Według pani Edyta Halijasz – Tomczuk, specjalisty ds. materiałów fryzjerskich:

Na rynku są już dostępne takie kosmetyki. Przykład? Szampony włoskiej marki SENS.US nie zawierają SLS-ów oraz SLES-ów, co nie tylko jest dowodem na troskę firmy o bezpieczeństwo klienta, ale przede wszystkim na wykorzystanie w produkcji kosmetyków najwyższej jakości składników.”

Zastosowany w szamponach marki SENS.US Sodium Myreth Sulfate, którego właściwości niwelowane są przez inne pielęgnacyjne i odbudowujące składniki, a także Ammonium Lauryl Sulfate (ALS) nie podrażniają skóry głowy, jak i włosów. ALS jest bardzo łagodnym środkiem powierzchniowo czynnym, który jest pozyskiwany w sposób naturalny z olejku kokosowego lub palmowego. Ponadto jest łatwo biodegradowalny, przyjazny dla naszej skóry i nie jest toksyczny. Nie powoduje również podrażnień i uczuleń, często jest wykorzystywany w biokosmetykach.
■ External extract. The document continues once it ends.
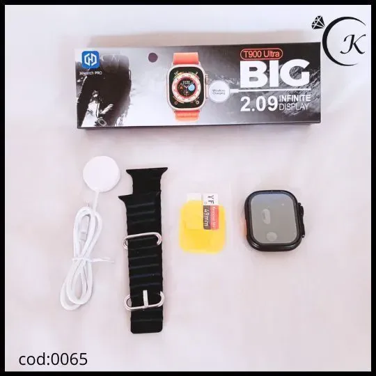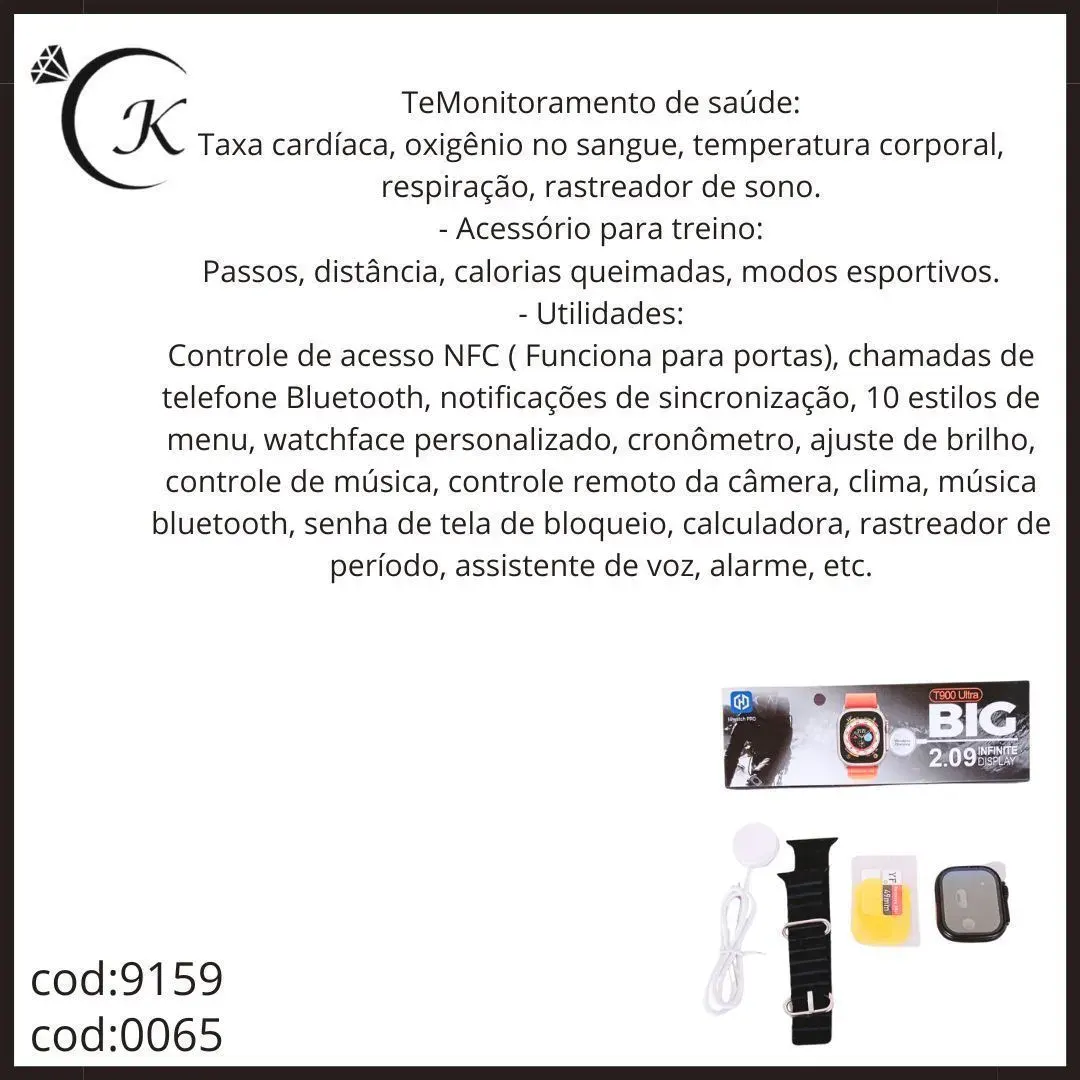 Relógio smartwatch versátil com tela ampla que facilita leitura de notificações, passos e horas. Pacote completo com pulseira laranja, pulseira extra preta, cabo de carregamento magnético e protetor de tela. Design moderno e leve, ideal para atividades diárias, treino e uso casual. Compatível com Android e iOS, qualidade confiável a preço acessível.

Jego myjące działanie uzupełnia Sodium Cocoamphoacetate – amfoteryczny środek powierzchniowo  czynny, który łagodzi działanie anionowych środków myjących, wygładza łuskę włosa, nadaje połysk, sprężystość oraz „stabilną pianę”.
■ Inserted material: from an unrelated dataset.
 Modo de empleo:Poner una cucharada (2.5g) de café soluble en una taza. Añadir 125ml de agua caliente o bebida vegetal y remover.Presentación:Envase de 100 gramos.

Jak dodaje pani Edyta Halijasz – Tomczuk – kokoamfooctan sodu jest często stosowany w produktach do usuwania makijażu, ze względu na jego właściwości łagodzące używany jest również u osób o wrażliwej skórze, dzieci i niemowląt. Składnikiem zapobiegającym „elektryzowaniu się” włosów, który również ułatwia ich rozczesywanie, zapewnia ochronną powłokę (tzw. film) oraz składniki posiadające właściwości wygładzające i odżywcze jest w szamponach firmy SENS.US – Guar Hydroxypropyltrimonium Chloride.
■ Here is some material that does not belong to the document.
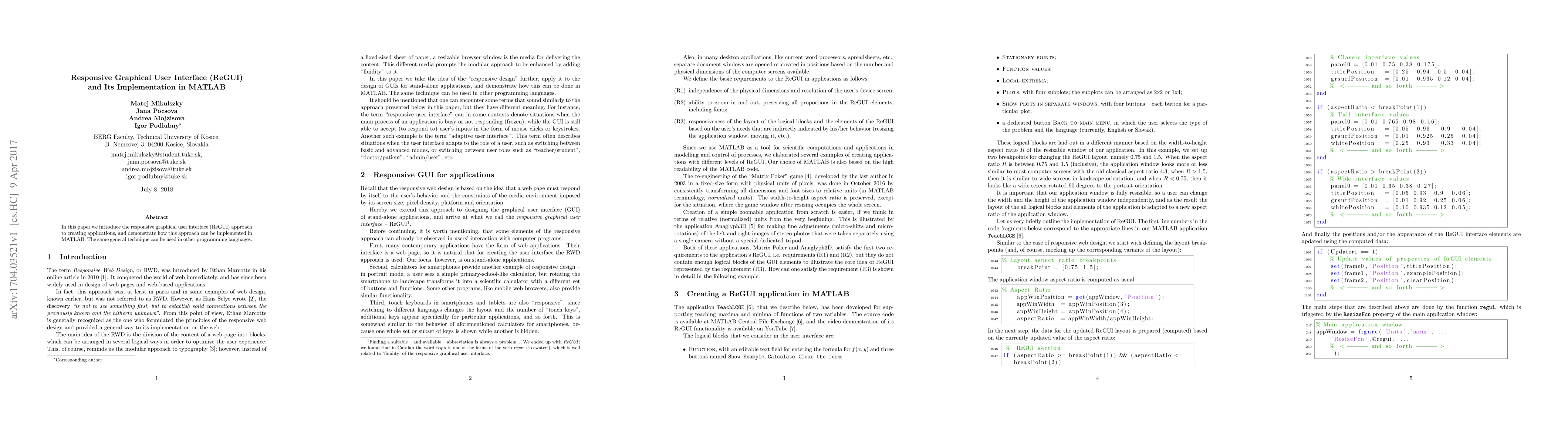 Summary: This paper introduces the responsive graphical user interface (ReGUI) approach for application development and demonstrates its implementation in MATLAB, highlighting its applicability across various programming languages.

Co jeszcze znajdziemy w produktach SENS.US?

Specjalnie dobrane do różnych rodzajów włosów koncentraty roślinne pozyskane są z miejsca bezpośredniej produkcji – Toskanii, a nie np. z Chin. Estetyczne, wręcz minimalistyczne opakowanie z bardzo trwałego, podlegającego recyklingowi polietylenu, wysokiej gęstości, praktyczne uchylne wieczko oraz poręczne opakowanie – dopełniają pewności wyboru.

Produkty marki SENS.US ze względu na to, że są to profesjonalne kosmetyki nie są dostępne w drogeriach, nie można ich również kupić przez internet. Używają ich profesjonalni fryzjerzy w swoich salonach i również u nich, po wcześniejszej konsultacji, można zaopatrzyć się w produkty SENS.US. Według filozofii marki produkty zawsze dobierane są do rodzaju włosów, skóry głowy i efektów jakie chce uzyskać klient, tak aby uzyskać oczekiwany i najlepszy rezultat. Tak to jest z prawdziwym skarbem – odkrycie go i pozyskanie wymaga wysiłku. A my doskonale wiemy, że profesjonalna pielęgnacja włosów powinna zacząć się właśnie w salonie fryzjerskim.

Dlatego wybór szamponu przez konsumenta podyktowany powinien być nie znajomością marki w mediach, ale przede wszystkim indywidualnymi oczekiwaniami związanymi z rodzajem włosów oraz pojawiającymi się problemami na skórze głowy, a następnie zapachem szamponu i jego konsystencją. Prawdą jest, że piękno kosztuje - ale się opłaca.